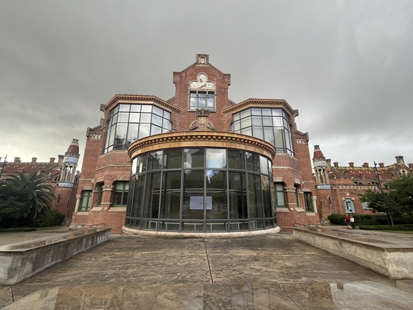 中庭に出ると、サン・パウ病院の全体像を一望できます。左右対称に並ぶ建物群は、それぞれにデザインのこだわりが詰まっています。
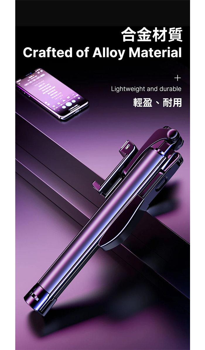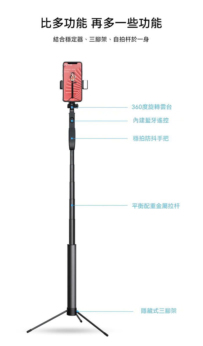- 一體式設計,結合穩定、藍牙、自拍杆於一身 - 獨特的穩定手把設計,均衡防抖 - 自帶補光燈,案光環境也能拍出清新畫面 - 360°雲台穩定全景拍攝 - 嵌入式無線遙控器 - 平衡配重金屬腳管 - 採用合金材質製作 - 可從 32cm 延伸至160cm
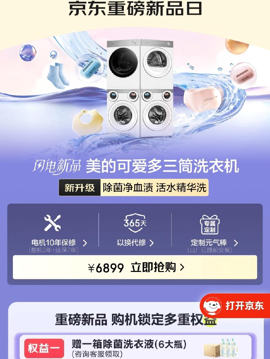 回南天的“蓬松救赎” 三月的墙,是哭湿的纸。 被子像泡过水的海绵,压得人喘不过气——晾了三天的衬衫仍能拧出潮气,衣柜里的羊毛衫长出了灰绿色的霉斑。直到那台美的热泵烘干机进驻阳台,生活才终于有了“干爽”的形状。 美的可爱多像个沉默的魔法师:把潮得发沉的羽绒被塞进去,选“热泵柔烘”模式,45℃的风裹着纤维轻轻翻涌。两小时后拉开门,被子“嘭”地弹出来,像刚晒过太阳的云朵,蓬松得能埋进脸。凑近闻,是阳光晒过的暖香,没有半点霉味。 最惊喜的是回南天的清晨:前一晚洗的睡衣,烘干后带着淡淡的薰衣草香;孩子的毛绒玩具,烘完后软乎乎的,再也不怕滋生螨虫。原来“干爽”不是奢侈品,是按下启动键就能拥有的小确幸——就像咬一口可爱多冰淇淋,甜意从舌尖漫到心底。烘干机前,用户抱着蓬松的被子笑,背景是窗外湿漉漉的街道,对比鲜明。

============

What is expected:
No pictures should appear in the copy, which holds exactly the lines from the first line of the data through the line with "- 一體式設計,結合穩定、藍牙、自拍杆於一身 - 獨特的穩定手把設計,均衡防抖" and nothing else.

Output of the task:
 中庭に出ると、サン・パウ病院の全体像を一望できます。左右対称に並ぶ建物群は、それぞれにデザインのこだわりが詰まっています。
- 一體式設計,結合穩定、藍牙、自拍杆於一身 - 獨特的穩定手把設計,均衡防抖 - 自帶補光燈,案光環境也能拍出清新畫面 - 360°雲台穩定全景拍攝 - 嵌入式無線遙控器 - 平衡配重金屬腳管 - 採用合金材質製作 - 可從 32cm 延伸至160cm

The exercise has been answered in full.